District information
- Grades: PK–12
- Accreditation: Arkansas Department of Education
- Schools: 2
- NCES District ID: 0511370

Students and staff
- Students: 1,014
- Teachers: 76.33 (on FTE basis)
- Staff: 164.33 (on FTE basis)
- Student–teacher ratio: 13.28
- Athletic conference: 3A Region 3
- District mascot: Mohawks
- Colors: Red Black

Other information
- Website: www.piggottschools.net

= Piggott School District =

School district in Arkansas, United States

Piggott School District is a public school district based in Piggott, Arkansas, United States.
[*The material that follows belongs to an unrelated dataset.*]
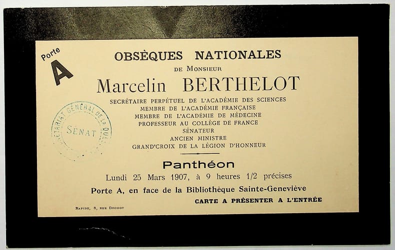 Marcellin Berthelot (1827-1907), chimiste, biologiste, homme politique, membre de l'Académie française. Carton permettant l'entrée à ses obsèques nationales le 25 mars 1907, avec un cachet « secrétariat général de la questure - Sénat ». [420]

The school district encompasses 146.56 mi2 of land, including portions of Clay County and serving communities such as Piggott, Pollard, Nimmons, and Saint Francis.

The district proves comprehensive education for more than 1,000 pre-kindergarten through grade 12 students and is accredited by the Arkansas Department of Education (ADE) and AdvancED.

== Schools ==
- Piggott High School, located in Piggott and serving more than 450 students in grades 7 through 12.
- Piggott Elementary School, located in Piggott and serving more than 500 students in pre-kindergarten through grade 6.